What Does a Network Job Management and Job Scheduling System Do?

A network job management and job scheduling system, such as LoadLeveler, is a software program that schedules and manages jobs that you submit to one or more machines under its control. LoadLeveler accepts jobs that users submit and reviews the job requirements. LoadLeveler then examines the machines under its control to determine which machines are best suited to run each job.

Jobs

LoadLeveler schedules your jobs on one or more machines for processing. The definition of a job, in this context, is a set of job steps. For each job step, you can specify a different executable. (The executable is the part of the job that gets processed.) You can use LoadLeveler to submit jobs which are made up of one or more job steps, where each job step depends upon the completion status of a previous job step. For example, Figure 2 illustrates a stream of job steps:

Figure 2. LoadLeveler Job Steps

View figure.

Each of these job steps is defined in a single job command file. A job command file specifies the name of the job, as well as the job steps that you want to submit, and can contain other LoadLeveler statements.

LoadLeveler tries to execute each of your job steps on a machine that has enough resources to support executing and checkpointing each step.

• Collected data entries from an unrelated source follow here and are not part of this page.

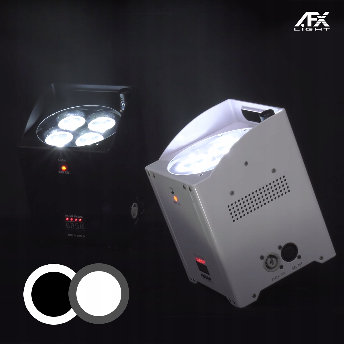 Це професійний бездротовий прожектор від бренду AFX Light. Оснащений акумулятором ємністю 8 Ач, він забезпечує до 12 годин роботи. Крім стандартних RGB (red, green, blue), пристрій також дозволяє використовувати кольори amber (бурштиновий) і білий. Освітлювач з батарейним живленням має вбудований бездротовий приймач DMX. Прожектор запрограмований за допомогою автоматичних програм і може управлятися за допомогою звуку або контролера DMX. Пристрій поставляється з інфрачервоним пультом дистанційного керування.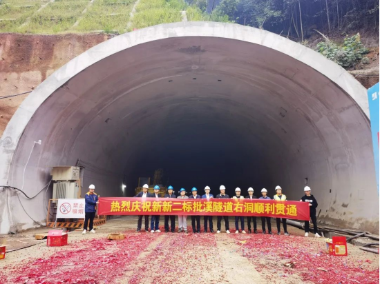 10月6日,新新高速项目第二合同段批溪隧道右洞顺利实现单洞贯通。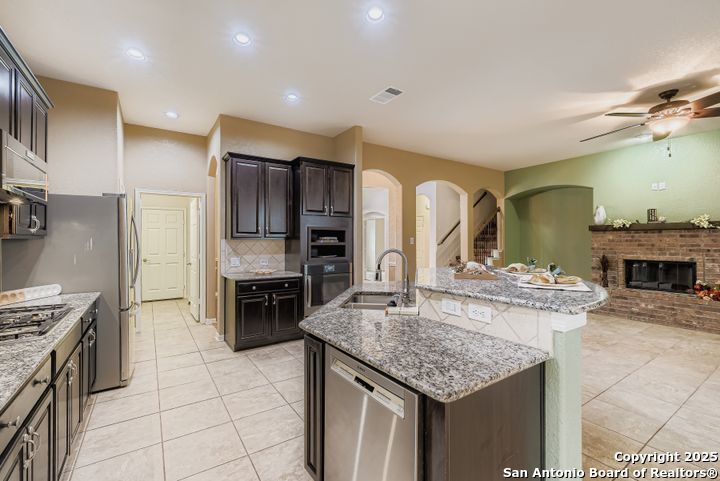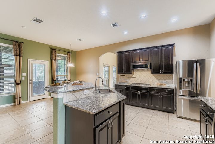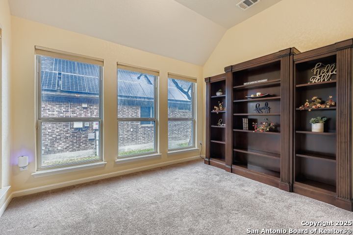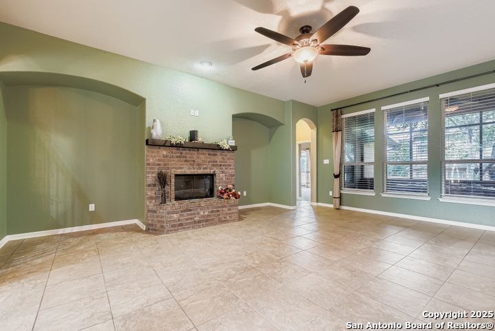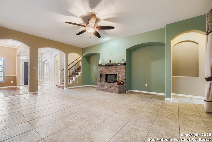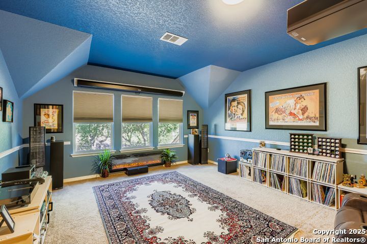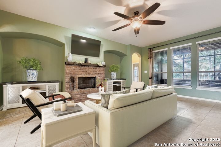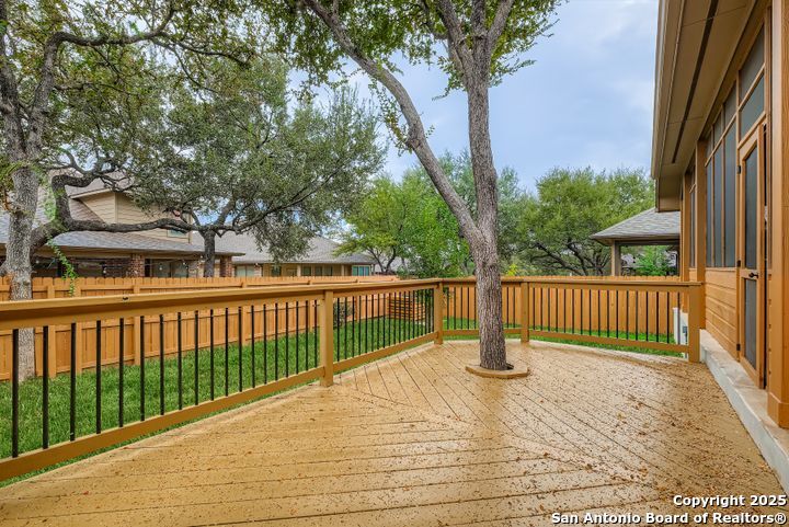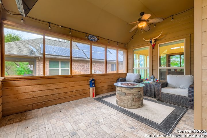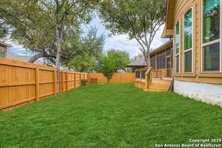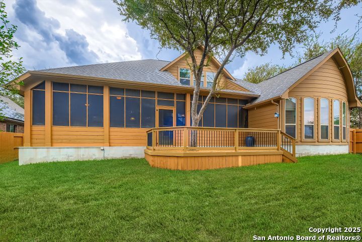 Welcome to 11523 Camp Real Ln, a beautifully maintained 3,350 sq. ft. home set on a serene corner lot with mature trees-including fruit trees, gorgeous landscaping, and a private courtyard entrance. Whole house exterior lighting. Designed for both comfort and versatility, this property offers 4 bedrooms, 2.5 baths, a 3-car tandem garage, a dedicated office, flexible bonus space, and an upstairs game/media room with its own half bath. Inside, the open layout is filled with natural light and enhanced by crown molding and a cozy brick fireplace. The chef's kitchen features granite countertops, stainless steel appliances, a raised breakfast bar, pantry, and sunny breakfast nook, while a formal dining room and screened porch with extended deck make entertaining effortless. The main-floor primary suite overlooks the backyard and includes a spa-inspired bath with a jacuzzi tub, a walk-in shower, dual vanities, and a spacious California closet. Located within Northside ISD and just minutes from Hoffmann Elementary, Briscoe Middle, and Taft High School, this property also offers easy access to parks, shopping, and entertainment. Enjoy nearby Phil Hardberger Park and O.P. Schnabel Park, shopping at Alamo Quarry Market, North Star Mall and La Cantera Shopping, and look forward to new destinations such as Borgfeld Crossing, Alamo Commons, and the Santikos Entertainment expansion. This home truly blends comfort, convenience, and community-a must-see opportunity in one of San Antonio's most desirable areas!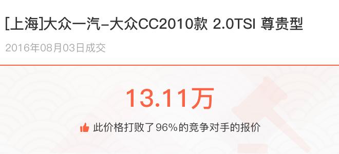 这辆开了2年的大众一汽-大众CC卖了这么多钱: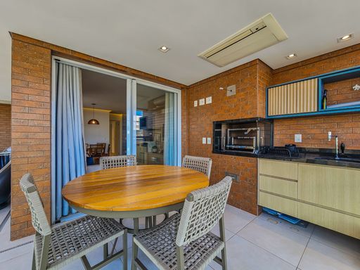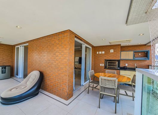 - Varanda gourmet equipada com churrasqueira, e com fechamento em tela de proteção

If your job command file has multiple job steps, the job steps will not necessarily run on the same machine, unless you explicitly request that they do.

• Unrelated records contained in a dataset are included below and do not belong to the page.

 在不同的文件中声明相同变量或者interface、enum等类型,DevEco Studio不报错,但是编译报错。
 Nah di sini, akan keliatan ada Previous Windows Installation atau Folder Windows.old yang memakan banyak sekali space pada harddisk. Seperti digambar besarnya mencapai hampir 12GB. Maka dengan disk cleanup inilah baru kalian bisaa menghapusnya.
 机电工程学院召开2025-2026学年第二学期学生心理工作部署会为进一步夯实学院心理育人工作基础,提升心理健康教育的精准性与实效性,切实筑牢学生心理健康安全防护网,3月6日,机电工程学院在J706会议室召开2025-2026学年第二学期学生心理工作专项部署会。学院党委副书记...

You can submit batch jobs to LoadLeveler for scheduling. Batch jobs run in the background and generally do not require any input from the user. Batch jobs can either be serial or parallel. A serial job runs on a single machine, while a parallel job - a job that was written using a parallel language Application Program Interface (API) - is separated into multiple parts that can be processed simultaneously by several machines.

Machines and Workstations

In order for LoadLeveler to schedule a job on a machine, the machine must be a valid member of the LoadLeveler cluster. A cluster is the combination of all of the different types of machines that use LoadLeveler. The following types of machines can be in a LoadLeveler cluster:

RISC System/6000 (and compatible hardware running AIX)
SP System

To make a machine a member of the LoadLeveler cluster, the administrator has to install the LoadLeveler software onto the machine and identify the central manager (described in "Roles of Machines"). Once the machine becomes a valid member of the cluster, LoadLeveler can schedule jobs to the machine.

Roles of Machines

Each machine in the LoadLeveler cluster performs one or more roles that make job scheduling possible. These roles are described below:

Scheduling Machine: When a job is submitted, it gets placed in a queue managed by a scheduling machine. This machine contacts another machine that serves as the central manager for the entire LoadLeveler cluster. (This role is described below). This scheduling machine asks the central manager to find a machine that can run the job and keeps persistent information about the job. Some scheduling machines are known as public scheduling machines, meaning any LoadLeveler user can access them. These machines schedule jobs submitted from submit-only machines, which are described below.
Central Manager Machine: The role of the central manager is to examine the job's requirements and find one or more machines in the LoadLeveler cluster that will run the job. Once it finds the machine(s), it notifies the scheduling machine.
Executing Machine: The machine that runs the job is known as the executing machine.
Submitting Machine: This type of machine is known as a submit-only machine. It participates in the LoadLeveler cluster on a limited basis. Although the name implies that users of these machines can only submit jobs, they can also query and cancel jobs. Users of these machines also have their own Graphical User Interface (GUI) that provides them with the submit-only subset of functions. The submit-only machine feature allows workstations that are not part of the LoadLeveler cluster to submit jobs to the cluster.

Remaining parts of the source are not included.